= Bayan Northcott =

British music critic and composer (1940–2022)

Bayan Peter Northcott (24 April 1940 – 13 December 2022) was an English music critic and composer.

==Biography==
Born in Harrow on the Hill, London to Roy and Cecilia Northcott (née Venning) on 24 April 1940 he was educated at Latymer Upper School in Hammersmith. Northcott read English at Oxford University and received a Bachelor of Arts degree from Oxford in 1962. He then taught English from 1964 to 1970 at Chichester High School For Boys. Northcott developed an interest in composition and was encouraged by Alexander Goehr and Hans Keller. Subsequently he read music at the University of Southampton, where his instructors included Goehr and Jonathan Harvey. Northcott earned a BMus degree from Southampton in 1971. He mentored other composers such as Robin Holloway and Julian Anderson.
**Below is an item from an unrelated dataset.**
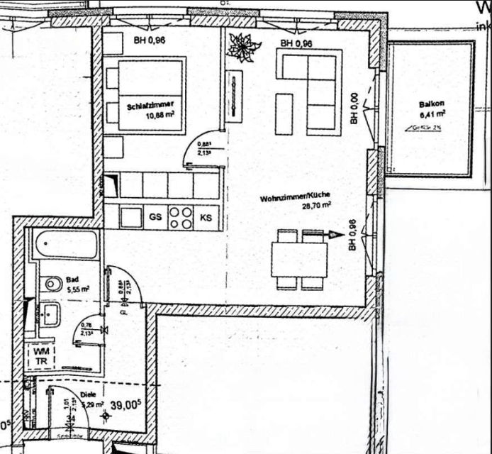 Mit einer Raumhöhe von ca. 2,75 m wird ein großzügiges Raumgefühl vermittelt. Die Wohnung ist mit einer Fußbodenheizung ausgestattet, die in allen Räumen für angenehme Wärme sorgt. Die Böden sind teils mit Fliesen, teils mit Parkettboden versehen Die Wände sind gespachtelt, und die Holzfenster sind dreifach verglast. Die Wohnung 2022 zuletzt renoviert.

Northcott served as a music critic for the New Statesman, for The Sunday Telegraph from 1976 to 1986, and he was chief music critic of The Independent from 1986 to 2009, where he worked alongside Anthony Payne and Tess Knighton. He also wrote on music for Tempo and BBC Music Magazine. He was a director of the independent recording company NMC.

He died in London on 13 December 2022, aged 82.

===Compositions===
As a composer, Northcott's output was modest and mainly scored for small forces. Notable chamber works include the Oboe Sonata (1978), Guitar Fantasia (1982) and the Piano Sextet (1985, premiered by the Fires of London). Choral pieces include Hymn to Cybele (1983, performed at the 2010 Proms), the Four Votive Antiphons, Op. 7 (2003, a cumulative cycle), and Canticle: The Doubting of Thomas (2007).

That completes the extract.